___ RECORDS FOR THIS TASK ___

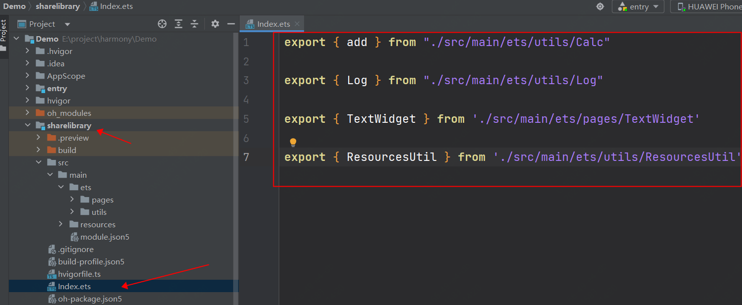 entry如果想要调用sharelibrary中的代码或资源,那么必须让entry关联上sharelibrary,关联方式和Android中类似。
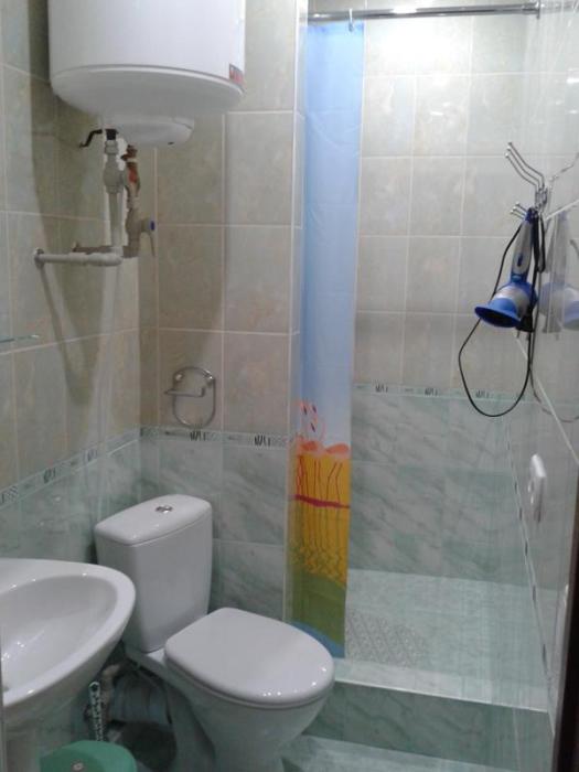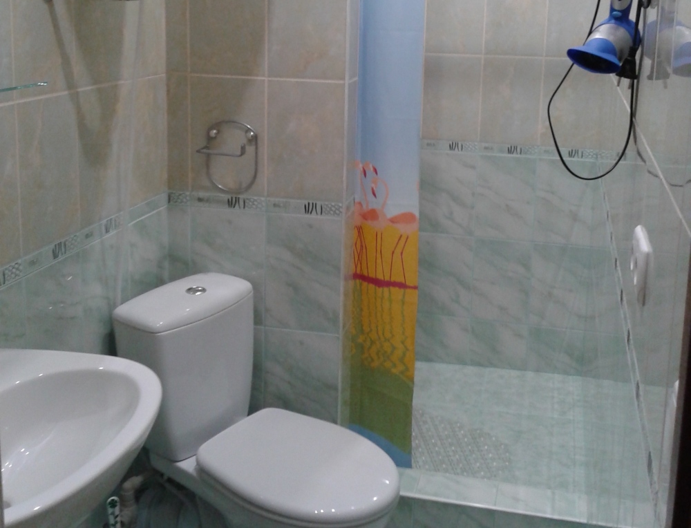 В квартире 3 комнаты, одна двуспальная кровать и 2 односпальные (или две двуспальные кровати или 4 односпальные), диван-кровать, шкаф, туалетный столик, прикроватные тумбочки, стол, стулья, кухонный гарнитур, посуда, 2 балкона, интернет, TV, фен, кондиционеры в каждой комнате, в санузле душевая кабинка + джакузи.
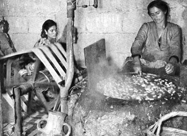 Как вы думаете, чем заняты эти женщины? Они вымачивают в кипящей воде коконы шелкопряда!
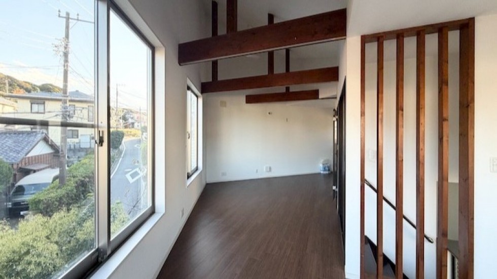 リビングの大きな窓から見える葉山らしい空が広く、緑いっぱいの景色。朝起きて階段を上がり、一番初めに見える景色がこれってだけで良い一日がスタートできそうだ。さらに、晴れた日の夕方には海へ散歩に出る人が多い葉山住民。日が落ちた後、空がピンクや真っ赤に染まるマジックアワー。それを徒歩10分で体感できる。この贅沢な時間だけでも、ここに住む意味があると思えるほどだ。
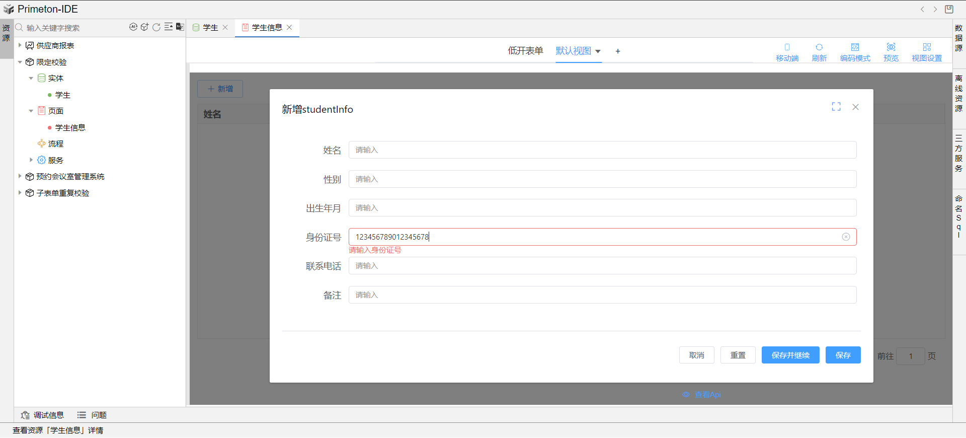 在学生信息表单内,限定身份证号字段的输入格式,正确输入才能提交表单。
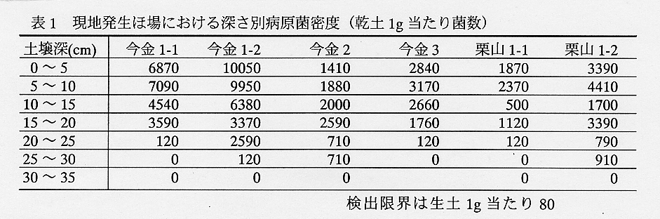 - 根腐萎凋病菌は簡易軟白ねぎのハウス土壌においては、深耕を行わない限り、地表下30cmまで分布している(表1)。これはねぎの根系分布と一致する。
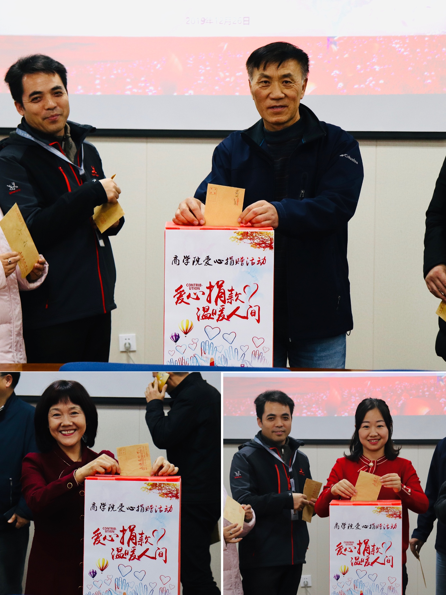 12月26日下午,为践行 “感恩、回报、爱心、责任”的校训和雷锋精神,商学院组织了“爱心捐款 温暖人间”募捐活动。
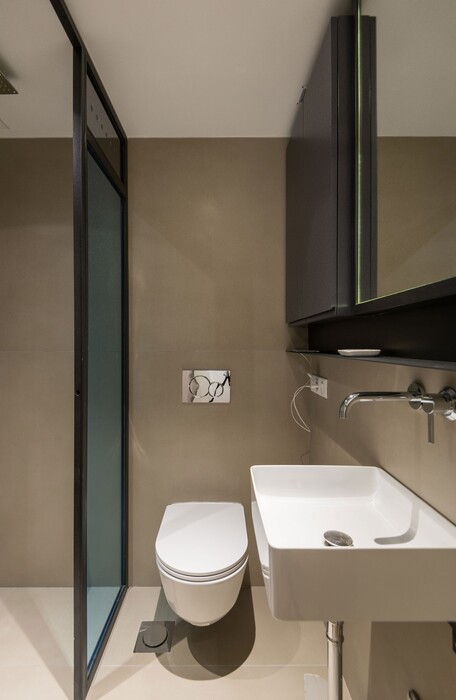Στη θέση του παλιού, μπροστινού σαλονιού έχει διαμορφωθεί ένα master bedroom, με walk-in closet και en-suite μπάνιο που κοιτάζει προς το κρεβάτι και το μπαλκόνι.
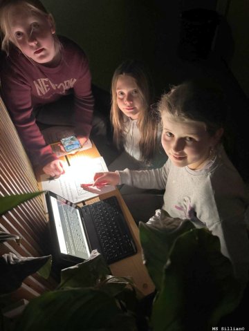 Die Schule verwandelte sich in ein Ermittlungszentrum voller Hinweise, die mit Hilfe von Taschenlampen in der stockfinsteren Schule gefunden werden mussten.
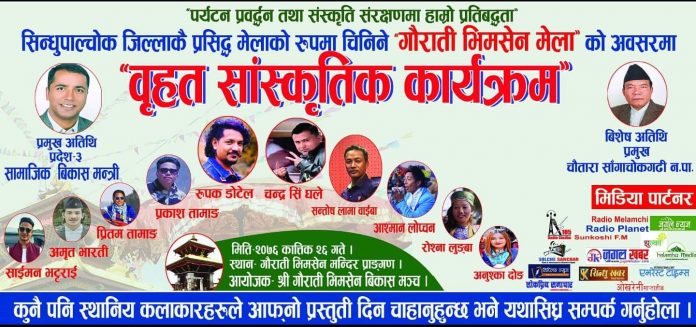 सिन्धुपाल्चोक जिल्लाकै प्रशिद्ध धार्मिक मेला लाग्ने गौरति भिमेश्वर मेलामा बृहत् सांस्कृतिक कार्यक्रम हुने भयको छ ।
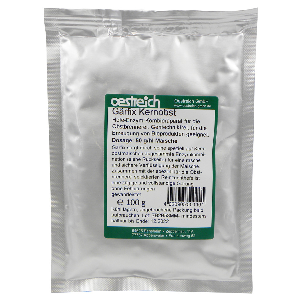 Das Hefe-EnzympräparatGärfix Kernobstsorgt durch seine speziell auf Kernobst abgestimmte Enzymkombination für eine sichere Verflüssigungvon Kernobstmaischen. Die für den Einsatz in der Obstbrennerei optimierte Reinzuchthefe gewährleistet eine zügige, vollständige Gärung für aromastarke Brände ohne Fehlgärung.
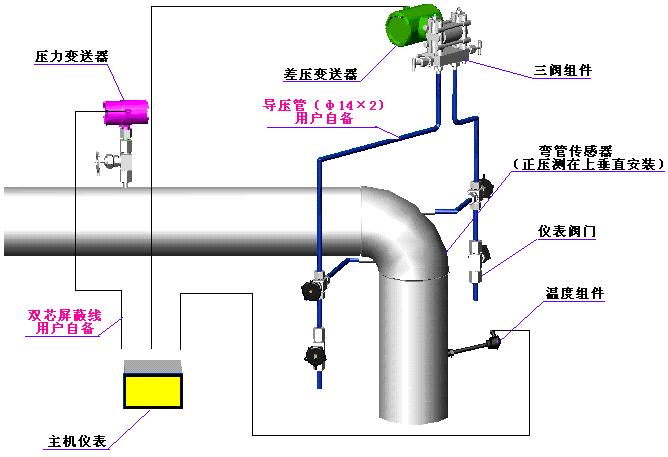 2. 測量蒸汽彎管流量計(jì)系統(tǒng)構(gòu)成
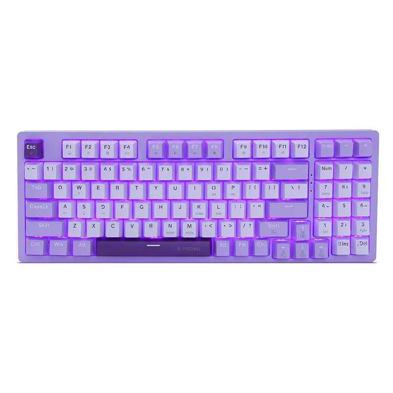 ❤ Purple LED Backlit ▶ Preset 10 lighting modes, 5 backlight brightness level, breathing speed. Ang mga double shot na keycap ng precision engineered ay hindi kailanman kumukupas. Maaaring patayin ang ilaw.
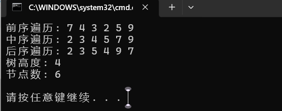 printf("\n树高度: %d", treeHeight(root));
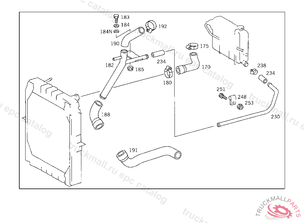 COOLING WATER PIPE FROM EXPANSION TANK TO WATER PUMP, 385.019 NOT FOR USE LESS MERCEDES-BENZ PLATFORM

___

The records above must be echoed exactly, minus their pictures.

## TASK OUTPUT
 entry如果想要调用sharelibrary中的代码或资源,那么必须让entry关联上sharelibrary,关联方式和Android中类似。
 В квартире 3 комнаты, одна двуспальная кровать и 2 односпальные (или две двуспальные кровати или 4 односпальные), диван-кровать, шкаф, туалетный столик, прикроватные тумбочки, стол, стулья, кухонный гарнитур, посуда, 2 балкона, интернет, TV, фен, кондиционеры в каждой комнате, в санузле душевая кабинка + джакузи.
 Как вы думаете, чем заняты эти женщины? Они вымачивают в кипящей воде коконы шелкопряда!
 リビングの大きな窓から見える葉山らしい空が広く、緑いっぱいの景色。朝起きて階段を上がり、一番初めに見える景色がこれってだけで良い一日がスタートできそうだ。さらに、晴れた日の夕方には海へ散歩に出る人が多い葉山住民。日が落ちた後、空がピンクや真っ赤に染まるマジックアワー。それを徒歩10分で体感できる。この贅沢な時間だけでも、ここに住む意味があると思えるほどだ。
 在学生信息表单内,限定身份证号字段的输入格式,正确输入才能提交表单。
 - 根腐萎凋病菌は簡易軟白ねぎのハウス土壌においては、深耕を行わない限り、地表下30cmまで分布している(表1)。これはねぎの根系分布と一致する。
 12月26日下午,为践行 “感恩、回报、爱心、责任”的校训和雷锋精神,商学院组织了“爱心捐款 温暖人间”募捐活动。
Στη θέση του παλιού, μπροστινού σαλονιού έχει διαμορφωθεί ένα master bedroom, με walk-in closet και en-suite μπάνιο που κοιτάζει προς το κρεβάτι και το μπαλκόνι.
 Die Schule verwandelte sich in ein Ermittlungszentrum voller Hinweise, die mit Hilfe von Taschenlampen in der stockfinsteren Schule gefunden werden mussten.
 सिन्धुपाल्चोक जिल्लाकै प्रशिद्ध धार्मिक मेला लाग्ने गौरति भिमेश्वर मेलामा बृहत् सांस्कृतिक कार्यक्रम हुने भयको छ ।
 Das Hefe-EnzympräparatGärfix Kernobstsorgt durch seine speziell auf Kernobst abgestimmte Enzymkombination für eine sichere Verflüssigungvon Kernobstmaischen. Die für den Einsatz in der Obstbrennerei optimierte Reinzuchthefe gewährleistet eine zügige, vollständige Gärung für aromastarke Brände ohne Fehlgärung.
 2. 測量蒸汽彎管流量計(jì)系統(tǒng)構(gòu)成
 ❤ Purple LED Backlit ▶ Preset 10 lighting modes, 5 backlight brightness level, breathing speed. Ang mga double shot na keycap ng precision engineered ay hindi kailanman kumukupas. Maaaring patayin ang ilaw.
 printf("\n树高度: %d", treeHeight(root));
 COOLING WATER PIPE FROM EXPANSION TANK TO WATER PUMP, 385.019 NOT FOR USE LESS MERCEDES-BENZ PLATFORM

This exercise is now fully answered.